**What is expected**
Return only the lines from the top of the data down to the one that holds "9月15日,在安徽省宿州市砀", both included, without any pictures.

**Recorded data**
****************************************
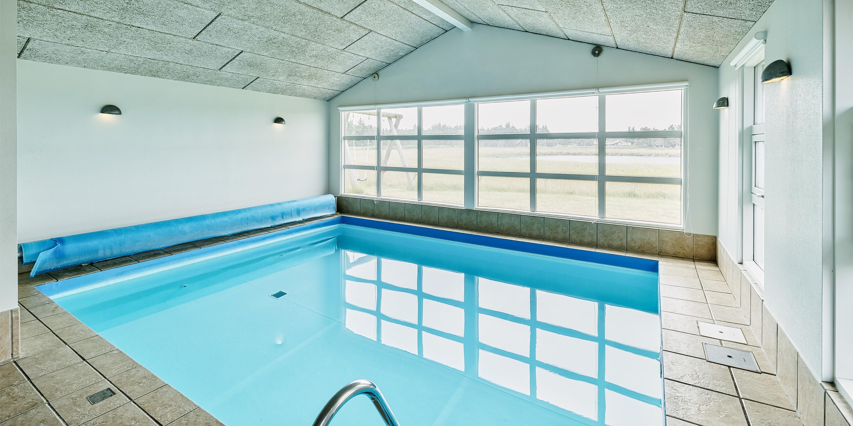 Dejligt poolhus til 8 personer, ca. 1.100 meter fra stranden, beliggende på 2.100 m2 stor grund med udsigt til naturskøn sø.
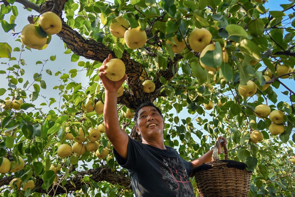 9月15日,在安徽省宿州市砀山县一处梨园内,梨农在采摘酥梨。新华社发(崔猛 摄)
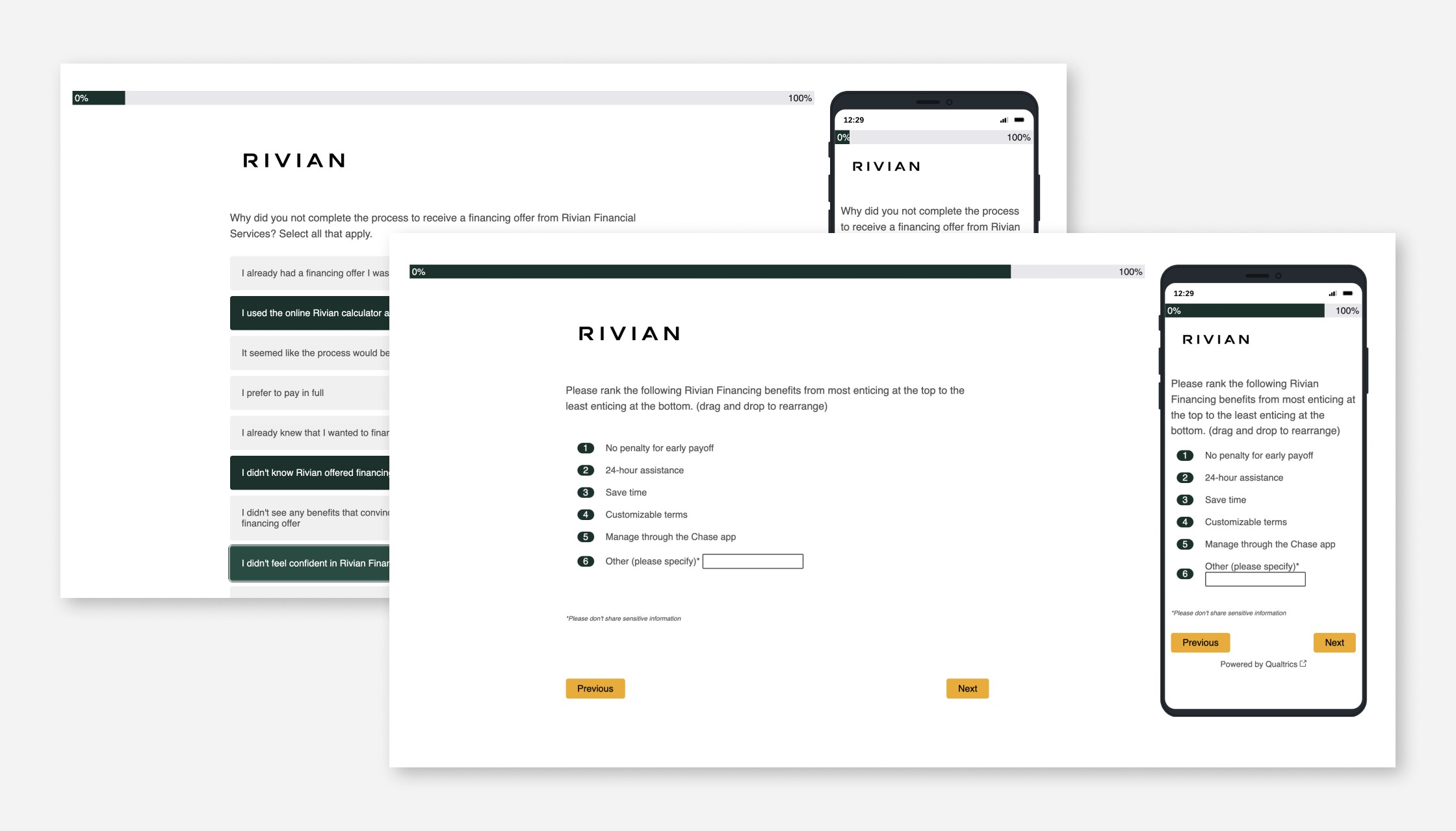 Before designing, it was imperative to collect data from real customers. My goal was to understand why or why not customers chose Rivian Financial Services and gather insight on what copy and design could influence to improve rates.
****************************************
**Response**
 Dejligt poolhus til 8 personer, ca. 1.100 meter fra stranden, beliggende på 2.100 m2 stor grund med udsigt til naturskøn sø.
 9月15日,在安徽省宿州市砀山县一处梨园内,梨农在采摘酥梨。新华社发(崔猛 摄)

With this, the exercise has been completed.